In your copy of the data, keep every word exact and include no pictures.

_Information provided_:
■ ■ ■

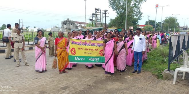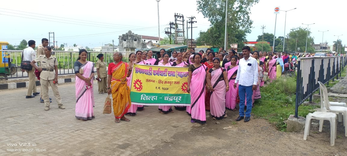 कोरोणा काळात कशाची ही तमा न बाळगता अविरत सेवा देनाऱ्या सरकारच्या प्रत्येक कार्यात सहभाग घेनाऱ्या अंगणवाडी ताई महागाईने भरडल्या आहेत ताईकडे कोनी लक्ष दयायला तयार नाहीत त्यामुळे निराश अंगणवाडी ताई कर्मचारी यांनी केंद्र सरकार व राज्य सरकार विरोधात विवीध मागन्यासाठी मोर्चा एकात्मीक बाल विकास प्रकल्प कार्यालयावर काढला मोर्चा चे रूपांतर सभेत झाले, अंगणवाडी कर्मचारी सभाचे कार्याध्यक्ष इमरान कुरेशी, माधुरी रमेश विर इंदिरा आत्राम चिमुर प्रभा विश्वनाथ चामटकर सीतारा शेख नागभीड लता राजु देवगडे भद्रावती ललीता सोनुले सिंधुताई मद्दावार मुल विद्या वारजुकर दामिनी दोनाडकर ब्रम्हपुरी कमल बारसागडे शोभा मेश्राम सिंदेवाही अन्नपुर्णा हिरादेवे सुनिता कुंभारे वरोरा यांनी अंगणवाडी ताई विषयी मनोगत व्यक्त केले.
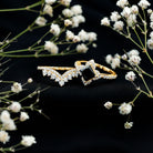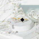 This Black Onyx and Moissanite Statement Wedding Ring Set is a bold and striking choice for any bride who wants to make a statement with her wedding ring. The set includes an engagement ring and a matching wedding band, both crafted from high-quality gold. The centerpiece of the engagement ring is a beautiful black onyx stone, cut into a unique shape that sets it apart from traditional moissanite engagement rings. Surrounding the onyx stone are shimmering moissanite stones, which add an extra touch of sparkle and luxury. The band of the engagement ring also features additional moissanite stones, creating a dazzling display of brilliance. The matching wedding band features a row of moissanite stones that perfectly complement the engagement rings design. Together, these two rings make a bold and beautiful statement that is sure to be noticed and admired. This set is a perfect choice for any bride who wants a wedding ring that is as unique and special as she is.
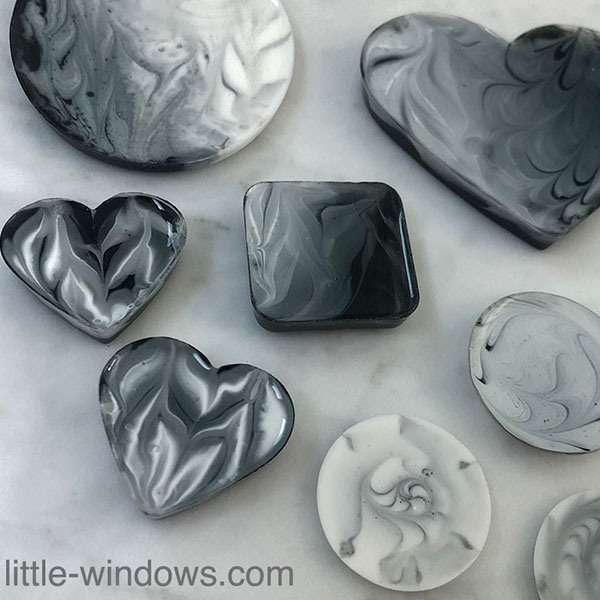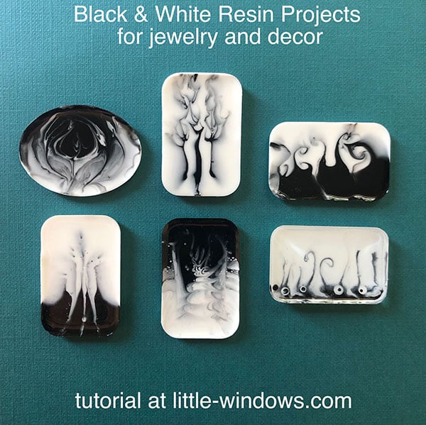 This has become one of our most popular resin casting techniques, and these pieces can be used to make unique resin jewelry, decorations, magnets, resin door/drawer pulls, anything you want! I used the best molds for resin jewelry making, and black and white resin colorants that are designed to blend well with no added bubbles. You can start with a black base and swirl in white, or start with a white base and swirl in black, lots of fun resin jewelry making options to explore!

■ ■ ■

_Answer to this exercise_:
 कोरोणा काळात कशाची ही तमा न बाळगता अविरत सेवा देनाऱ्या सरकारच्या प्रत्येक कार्यात सहभाग घेनाऱ्या अंगणवाडी ताई महागाईने भरडल्या आहेत ताईकडे कोनी लक्ष दयायला तयार नाहीत त्यामुळे निराश अंगणवाडी ताई कर्मचारी यांनी केंद्र सरकार व राज्य सरकार विरोधात विवीध मागन्यासाठी मोर्चा एकात्मीक बाल विकास प्रकल्प कार्यालयावर काढला मोर्चा चे रूपांतर सभेत झाले, अंगणवाडी कर्मचारी सभाचे कार्याध्यक्ष इमरान कुरेशी, माधुरी रमेश विर इंदिरा आत्राम चिमुर प्रभा विश्वनाथ चामटकर सीतारा शेख नागभीड लता राजु देवगडे भद्रावती ललीता सोनुले सिंधुताई मद्दावार मुल विद्या वारजुकर दामिनी दोनाडकर ब्रम्हपुरी कमल बारसागडे शोभा मेश्राम सिंदेवाही अन्नपुर्णा हिरादेवे सुनिता कुंभारे वरोरा यांनी अंगणवाडी ताई विषयी मनोगत व्यक्त केले.
 This Black Onyx and Moissanite Statement Wedding Ring Set is a bold and striking choice for any bride who wants to make a statement with her wedding ring. The set includes an engagement ring and a matching wedding band, both crafted from high-quality gold. The centerpiece of the engagement ring is a beautiful black onyx stone, cut into a unique shape that sets it apart from traditional moissanite engagement rings. Surrounding the onyx stone are shimmering moissanite stones, which add an extra touch of sparkle and luxury. The band of the engagement ring also features additional moissanite stones, creating a dazzling display of brilliance. The matching wedding band features a row of moissanite stones that perfectly complement the engagement rings design. Together, these two rings make a bold and beautiful statement that is sure to be noticed and admired. This set is a perfect choice for any bride who wants a wedding ring that is as unique and special as she is.
 This has become one of our most popular resin casting techniques, and these pieces can be used to make unique resin jewelry, decorations, magnets, resin door/drawer pulls, anything you want! I used the best molds for resin jewelry making, and black and white resin colorants that are designed to blend well with no added bubbles. You can start with a black base and swirl in white, or start with a white base and swirl in black, lots of fun resin jewelry making options to explore!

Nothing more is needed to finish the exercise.